The first nation intends to ask the province for sole control over the geoduck fishery in the area, and is upset the waters were opened to commercial divers this year, Mr. Elliott said.

"It's a frustrating process because the fishery is so lucrative and we can't seem to get a foot in the door," he said.

The fishery may reopen within days, and if that happens, the Stz'uminus will do whatever they can - including a water-based blockade - to keep fishermen out, the chief said.

"There will be no fishing in our area, so we will do what's in our means to stop the fishery, and that could get a little out of hand," he said. "It just leaves it all open for something to go terribly wrong."

Ms. Wylie disputes the claim that the Stz'uminus were not consulted. She said the community had a chance to provide feedback on a plan to harvest geoduck presented in October, but did not.

The fishery is also managed stringently, with harvest areas opened only once every three years, when divers are allowed to collect 5.4 geoduck for every 100 in the water, which ensures the future viability of the stocks if the first nation eventually gets tenure, Ms. Wylie said.
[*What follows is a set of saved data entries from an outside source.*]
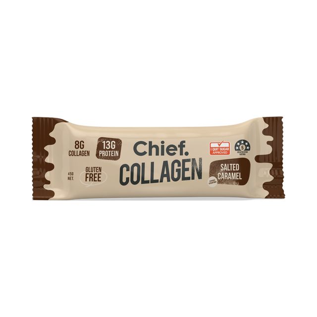 Take your taste buds on a wild ride, the ultimate fusion of indulgence and nutrition, with our chocolate covered Collagen Protein Bars. Beneath the heavenly dark chocolate lies a delectable core of biscuity, chocolatey Cashew Butter with a delicious caramel flavour. But this bar is more than just an enticing delight for your taste buds. It's still a powerhouse of protein, healthy fats and fibre, meticulously crafted to fuel your #ChiefLife and vanquish hunger.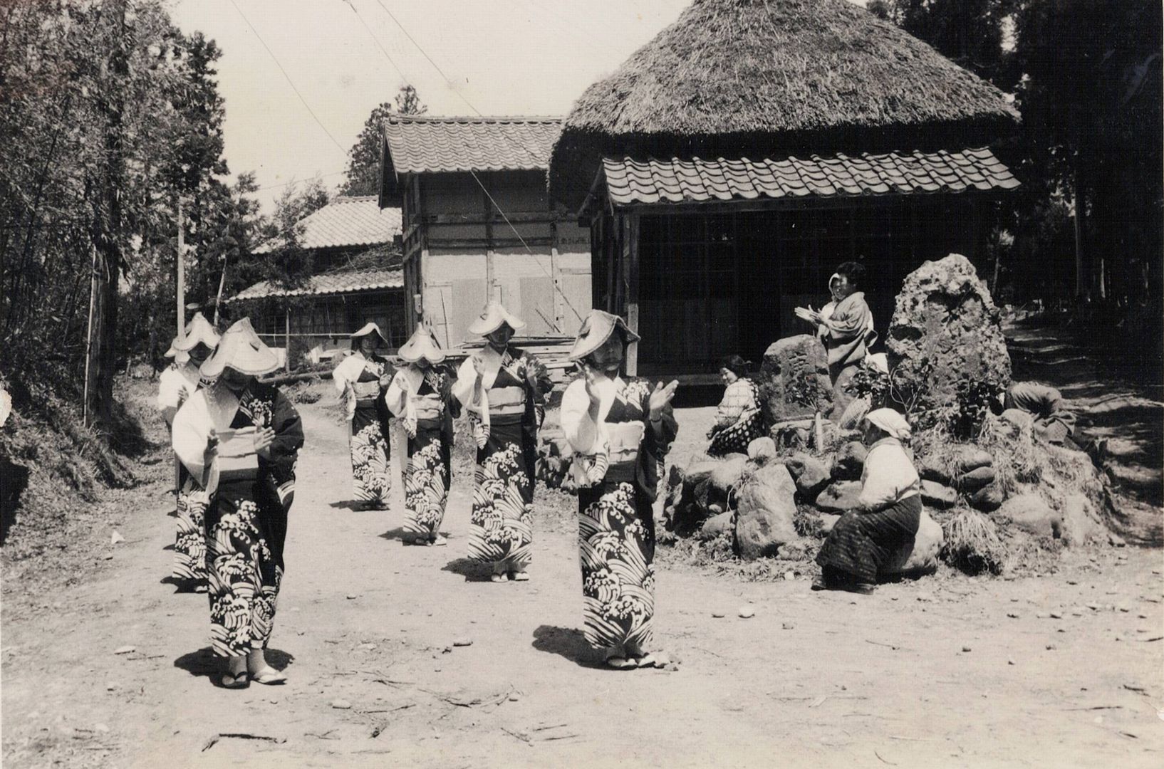 現在の越戸集会所は場所も移動して新しく建てられたものでありが、かつての越戸の堂(旧喜左衛門堂)は県道から上がった道と住吉および原黒に抜ける三叉路(越戸中心部)にあった。その頃は、道路に大きな幕を張って映画を上映していた。 原黒に抜ける道(左手)が幹線で、右にある道は細く住吉海岸まで通っていたのかどうかは不明。踊り手はおそらくは吾潟婦人会の皆さんであろう。吾潟幼稚園の園児数が多いという事は若いお母さんの数も多かったであろうから、当時の婦人会の活動も活発であったに違いない。 堂前にある二つの石碑は、今もそこに残っている。 ![]() 写真提供:熊谷藤右衛門(越戸) |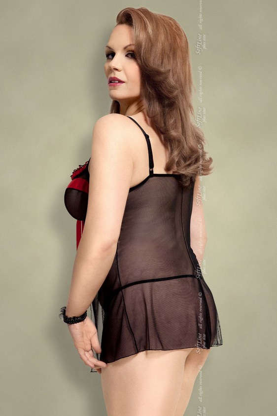 Эротично прозрачная сорочка. Бюст на косточках с застежкой впереди, предает красивые формы и очень хорошо держит грудь. Бюст украшен игривыми рюшками и атласной лентой, которую можно завязать в привлекающий бантик. В комплекте также стринги и подвязка.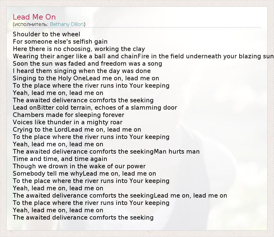 Shoulder to the wheel For someone else's selfish gain Here there is no choosing, working the clay Wearing their anger like a ball and chainFire in the field underneath your blazing sun Soon the sun was faded and freedom was a song I heard them singing when the day was done Singing to the Holy OneLead me on, lead me on To the place where the river runs into Your keeping Yeah, lead me on, lead me on The awaited deliverance comforts the seeking Lead onBitter cold terrain, echoes of a slamming door Chambers made for sleeping forever Voices like thunder in a mighty roar Crying to the LordLead me on, lead me on To the place where the river runs into Your keeping Yeah, lead me on, lead me on The awaited deliverance comforts the seekingMan hurts man Time and time, and time again Though we drown in the wake of our power Somebody tell me whyLead me on, lead me on To the place where the river runs into Your keeping Yeah, lead me on, lead me on The awaited deliverance comforts the seekingLead me on, lead me on To the place where the river runs into Your keeping Yeah, lead me on, lead me on The awaited deliverance comforts the seeking
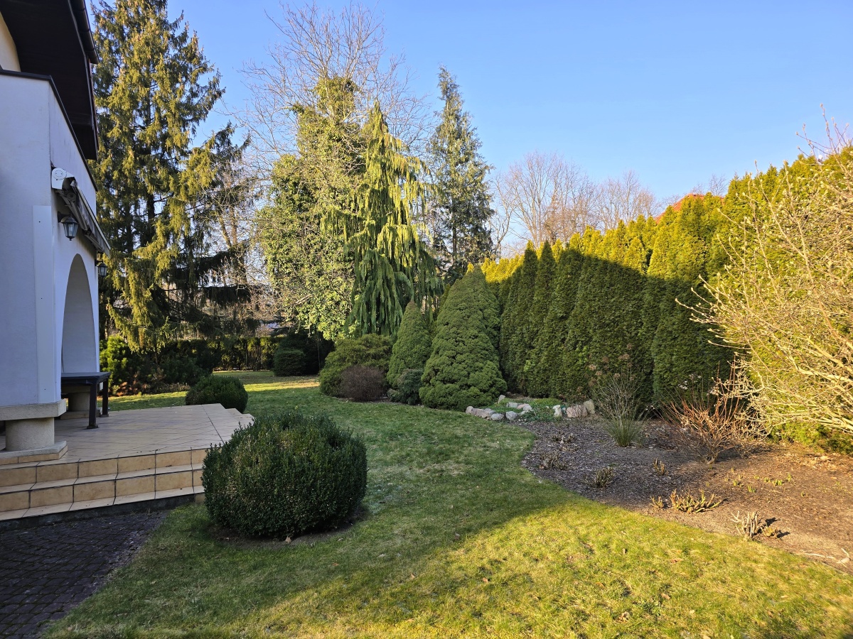 Działka ma optymalną wielkość i jest bardzo ustawna (30,5m x 38,5m) co gwarantuje nam przyjemną przestrzeń. Pomimo posadowionego okazałego domu pozostał do użytku wspaniały ogród, bardzo przemyślanie zagospodarowany, częściowo zadrzewiony, z licznymi nasadzeniami, kompostownikiem i wygodnie usytuowaną drewutnią.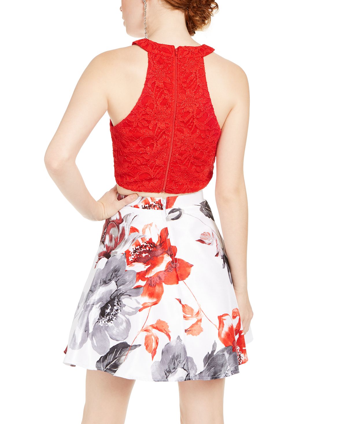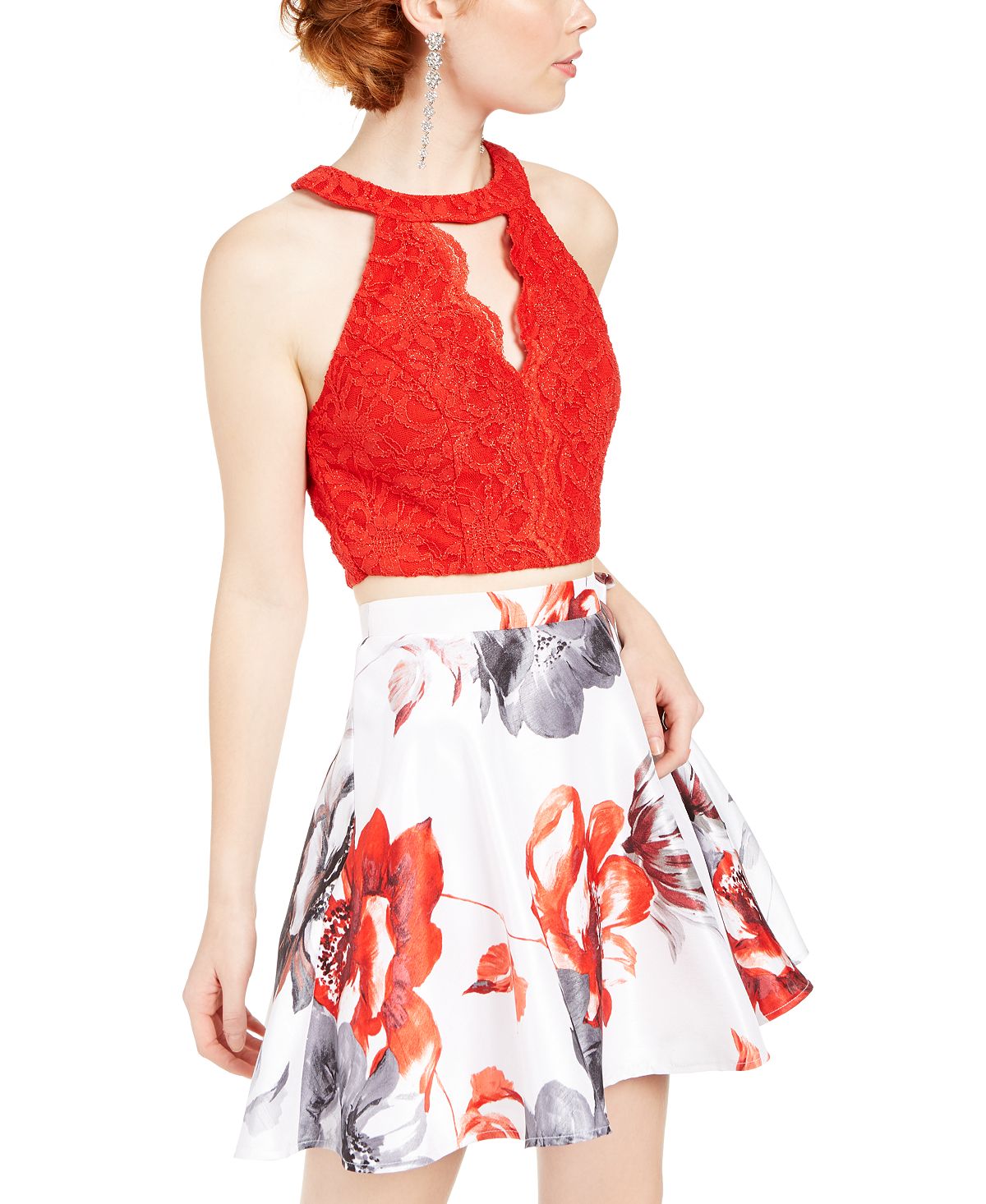 City Studios' two-piece dress is the life of the party in vibrant lace and a matching floral print.| Approx. 34-1/2 long from center back neck to hem. Length is based on size 7 and varies 1/4 between sizes| High neck with scalloped cutout; A-line silhouette| Hidden back zipper at top & skirt| 2-pc design; lace crop top; floral-print skirt| Bra cups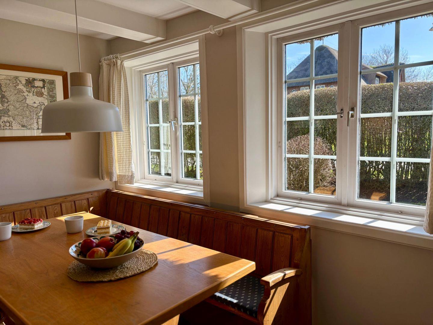 Lichtdurchflutete 2-Zimmer-Wohnung für 2-3 unter Reet im idyllischen Morsum. Eine Terrasse und ein großer Gemeinschaftsgarten laden zum Verweilen ein. Für weitere Fragen, steht Ihnen sehr gerne die Vermietung "Appartements Eberhardt" zur Verfügung.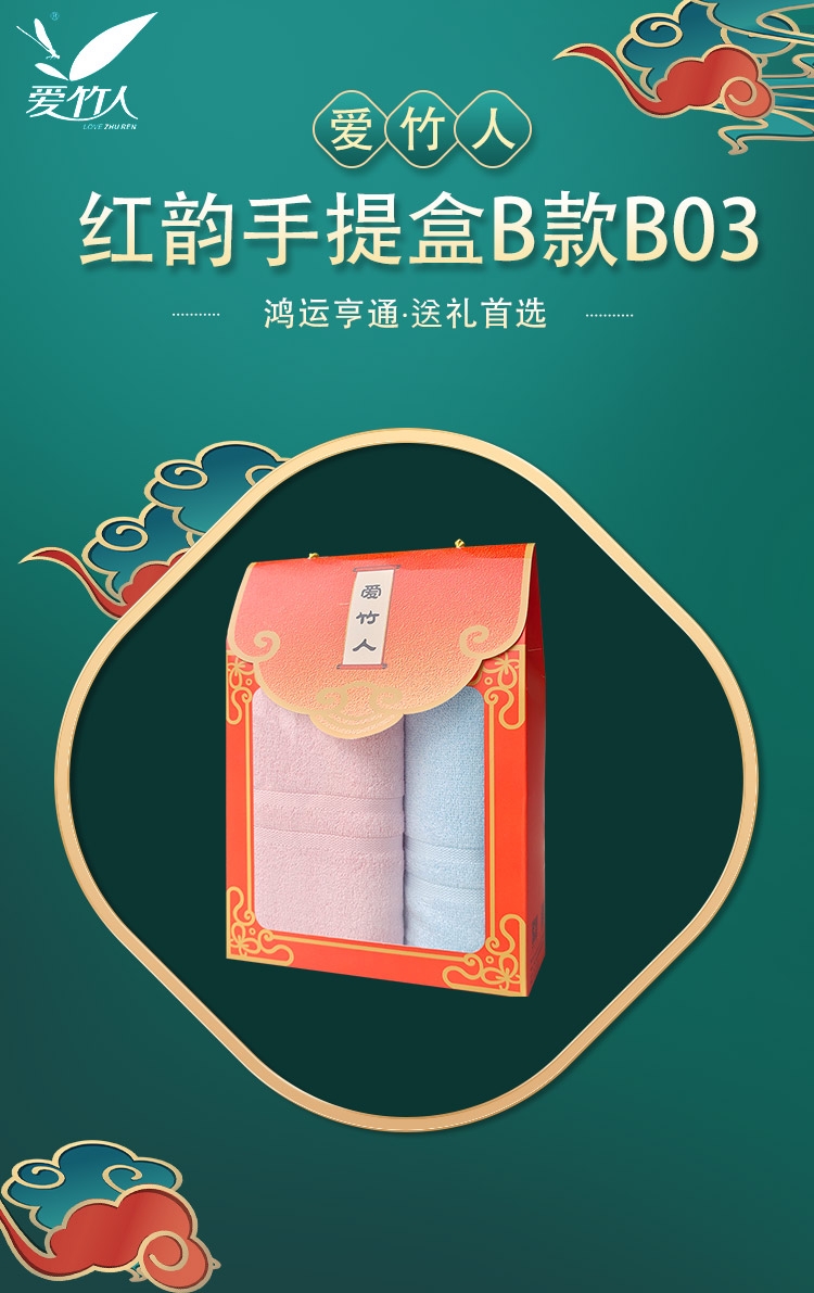 爱竹人 红韵礼盒竹纤维浴巾毛巾2件套B03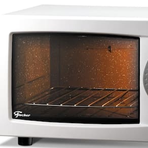 - Um dos Fornos mais vendidos da categoria, o Fischer Grill Possui um design arrojado e inovador, com frontal em termoplástico branco, abertura ergonômica e corpo interno autolimpante.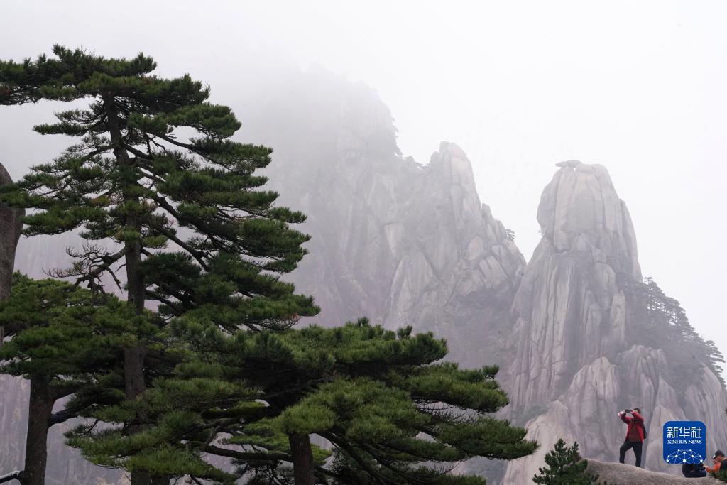 2023年4月11日,游客在拍攝黃山松。

The promise of continued protest and potential danger does not sit well with James Austin, president of the Underwater Harvesters Association.

"It's inflammatory and it's actually a threat," he said, adding that it could set a dangerous precedent for other coastal first nations.

"Fisheries can't be managed this way. There's a fisheries department for managing the fishery and there has to be some confidence that the fisheries department is doing a good job," he said.